LCM¶
Status: Stable
documented, exercised by the test suite and/or worked examples, with no known limitations recorded.
Description¶
LCM[n1, n2, ...]
gives the least common multiple of the integers ni.
Computed via GMP's mpz_lcm folded across the arguments; sign is
normalised non-negative. Accepts BigInt and Rational inputs.
Examples¶
No verified examples yet for this function.
Implementation notes¶
Algorithm. builtin_lcm mirrors builtin_gcd. It folds pairwise with lcm(a,b)=ab/gcd(a,b): an int64 fast path, a GMP path (mpz_lcm) when any argument is a EXPR_BIGINT, and a rational fold using lcm(a/b, c/d) = lcm(a,c)/gcd(b,d) (numerator accumulated with mpz_lcm, denominator with mpz_gcd). A zero argument zeroes the running LCM (and short-circuits). LCM[] is 1, LCM[x] is |x|; non-rational arguments return NULL.
Data structures. GMP mpz_t accumulators; expr_bigint_normalize demotes results that fit in int64, and mpz_pair_to_rational_expr reduces the rational result. Shares the rational num/den coercion helpers with GCD.
Attributes: Flat, Listable, NumericFunction, OneIdentity, Orderless, Protected.
Implementation status¶
Stable — documented, exercised by the test suite and/or worked examples, with no known limitations recorded.
References¶
- Knuth, "The Art of Computer Programming, Vol. 2: Seminumerical Algorithms", on the Euclidean algorithm and least common multiples.

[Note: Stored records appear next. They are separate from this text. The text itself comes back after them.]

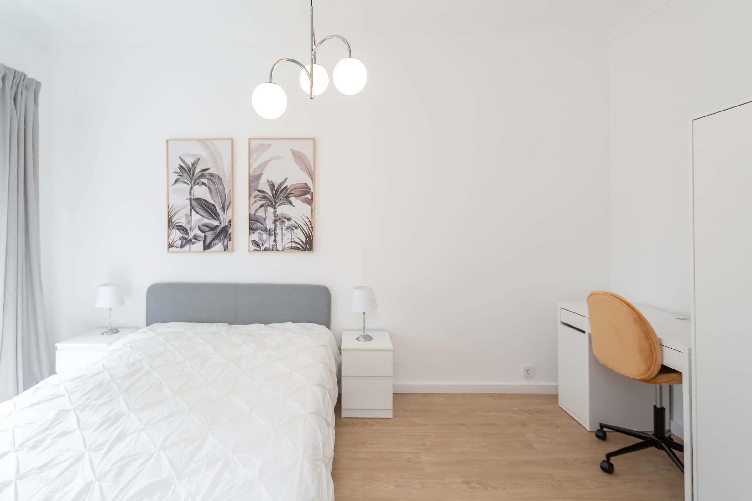 EN This cozy second-floor apartment in Queluz offers comfort and practicality in a charming and well-connected neighborhood. Featuring 5 bedrooms and 2 bathrooms (1 shared and 1 en-suite), it provides a welcoming living environment ideal for both relaxation and everyday life. The apartment also includes a fully equipped and bright kitchen, perfect for modern and convenient living.With its warm and inviting atmosphere, this apartment is ideal for those who value both comfort and location. Shops, cafés, restaurants, and essential services are all within easy reach. The nearest supermarket is about a 2-minute walk, and the closest bus stop is approximately 3 minutes away, ensuring convenient access to transport and local amenities. Queluz is a peaceful and residential area, known for its calm streets and proximity to Lisbon. The neighborhood offers a mix of local shops, cafés, restaurants, and essential services, providing a comfortable and convenient urban living experience. Train: Nearby stations provide easy access to central Lisbon and surrounding areas.Buses: Several bus lines operate in the area, ensuring convenient connections to other parts of Queluz and Lisbon.Thanks to its well-connected location, living in Queluz means easy access to public transport and nearby attractions. - Palácio Nacional de Queluz – A historic palace and gardens offering cultural and scenic experiences.- Local parks and green spaces – Perfect for relaxation and outdoor activities.- Shops, cafés, and restaurants – Convenient for daily needs and enjoying the neighborhood.- Community and cultural landmarks – Adding charm and authenticity to everyday life.- Nearby train stations – Facilitating easy travel to Lisbon and surrounding areas.Queluz combines calm residential living, accessibility, and local charm, making this cozy and well-equipped apartment a perfect choice for comfortable and authentic living. - No smoking.- No pets allowed.- No parties.- Trash must be taken out daily.- Short-term visitors are allowed (2 days). Longer period: €20 per day.- Utilities: included up to €25 per tenant.- Cleaning: offered by the landlord.- Bedding: pillows, duvet, and bed sheets are not provided.- Payment before check-in: first and last month, deposit and admin fee.- Check-ins: from Monday to Saturday from 4pm until 7:30pm. No check-ins on Sundays and bank holidays. Check-in is authorized only 24h after the payment is confirmed in our bank account and the contract is signed. The bedroom is a cozy and comfortable space, designed to offer residents a peaceful and restful environment. The room features a cozy double bed, a desk, a private bathroom, and storage space for your belongings.
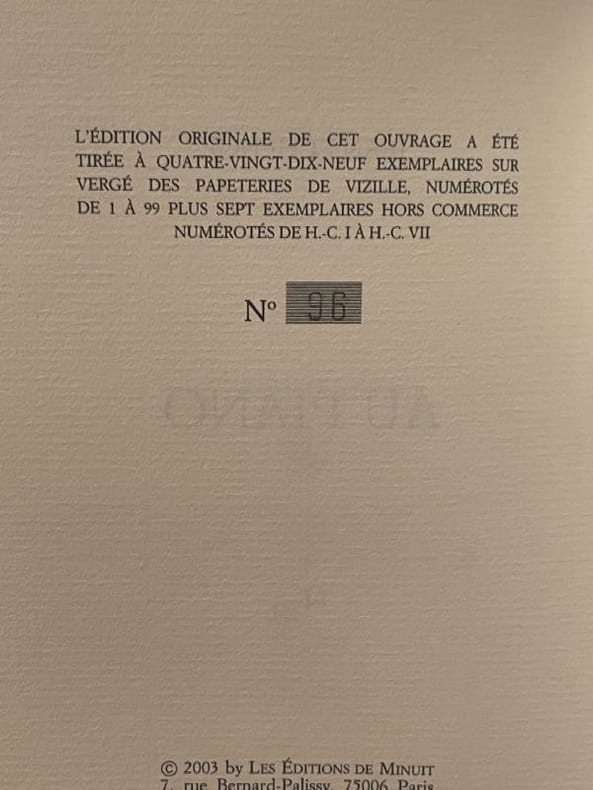 Paris Editions de Minuit 2002 1 vol. Broché in-8, broché, non coupé, 222 pp. Edition originale. Un des 106 exemplaires numérotés sur vergé de Vizille (seul grand papier). En parfait état.
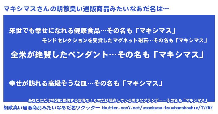 | ヘコむあだ名 | 『マキぷりん』『マキシマス(笑)』 |
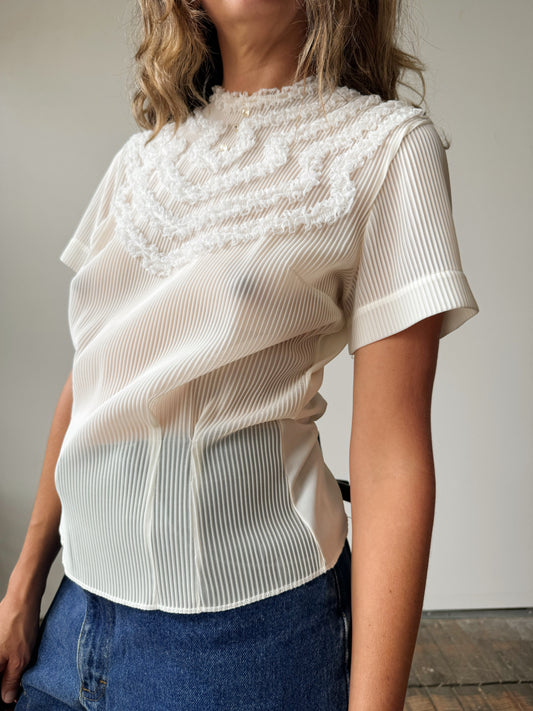 50s Original Jami Nylon Ruffle Blouse (S)
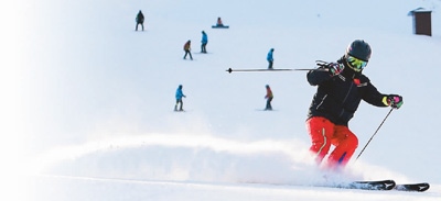 內(nèi)蒙古自治區(qū)扎蘭屯市金龍山滑雪場(chǎng)的滑雪愛好者。王曉博攝(人民圖片)
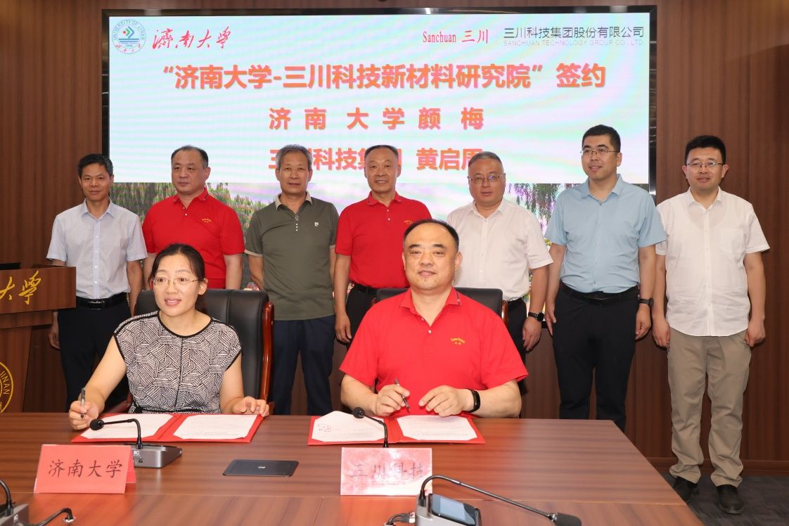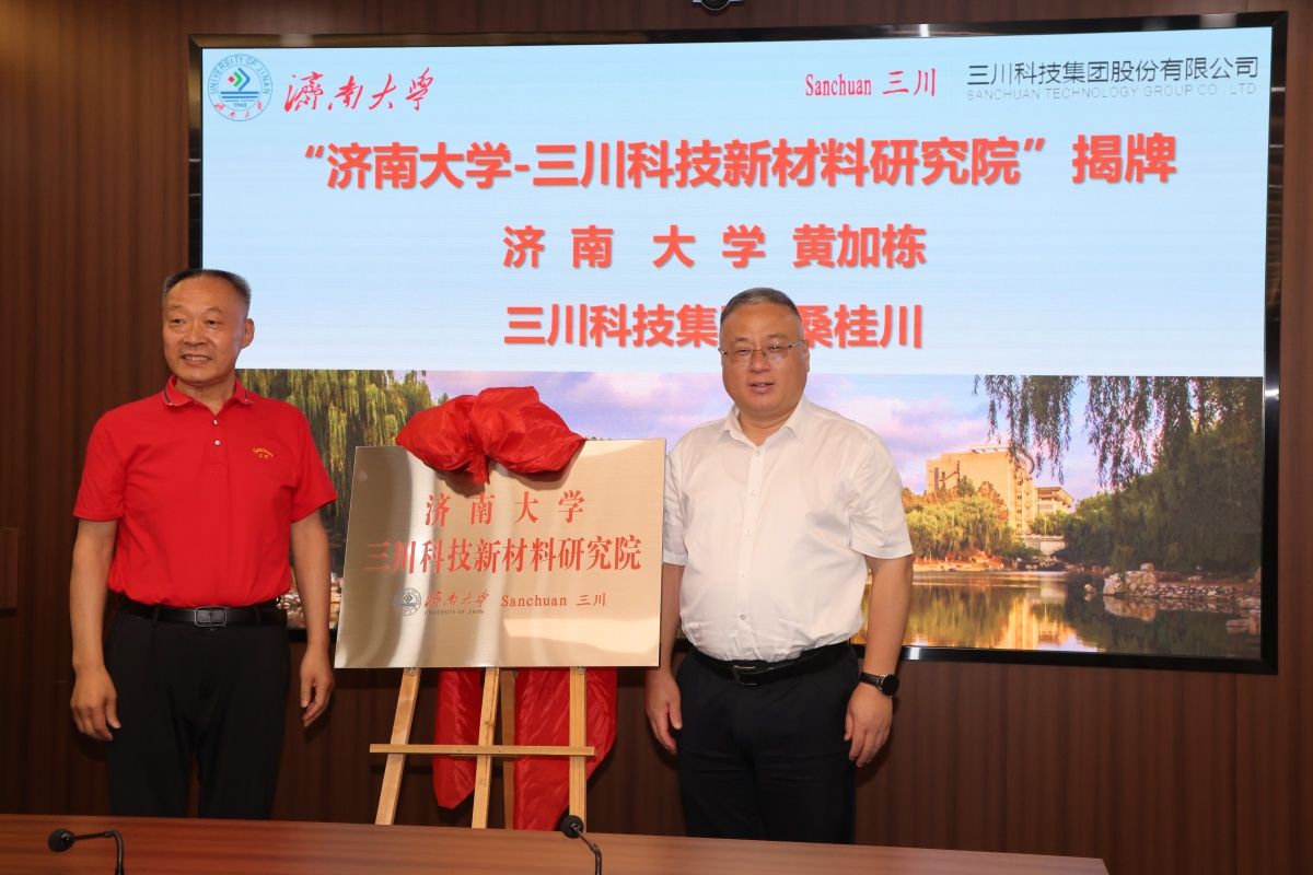 6月12日,濟(jì)南大學(xué)與三川科技集團(tuán)股份有限公司共建“濟(jì)南大學(xué)——三川科技新材料研究院”(以下簡(jiǎn)稱研究院)簽約暨揭牌儀式在濟(jì)南大學(xué)舉行。三川科技集團(tuán)股份有限公司董事長(zhǎng)桑桂川、副總經(jīng)理黃啟周及相關(guān)人員參加活動(dòng),學(xué)校黨委常委、副校長(zhǎng)黃加棟出席會(huì)議,學(xué)??萍继?、科技成果轉(zhuǎn)化辦公室、材料科學(xué)與工程學(xué)院等負(fù)責(zé)同志和專家教授參加簽約暨揭牌儀式。儀式由科技處處長(zhǎng)顏梅主持。

- von zur Gathen & Gerhard, "Modern Computer Algebra", on GCD/LCM relations.
- Source:
src/numbertheory.c - Specification:
docs/spec/builtins/number-theory.md
Notes & additional examples¶
Worked examples¶
The absorbing convention LCM[0, n] = 0:
LCM extends to rationals via numerator/denominator (lcm(numerators)/gcd(denominators)):
Folded across a range it gives the smallest number divisible by every integer 1..20, and large inputs promote to a GMP bigint:
In[1]:= LCM @@ Range[1, 20]
Out[1]= 232792560
In[2]:= LCM[123456789, 987654321]
Out[2]= 13548070123626141
Notes¶
LCM uses the identity lcm(a, b) = a*b / gcd(a, b) and folds across all
arguments, so LCM[3, 4, 5] gives 60 and LCM[12, 18, 30] gives 180. The
absorbing convention LCM[0, n] = 0 holds, matching the fact that zero is the
only common multiple involving zero. Pairwise reduction keeps intermediate values
small, and results promote to GMP bigints when they exceed machine-word range.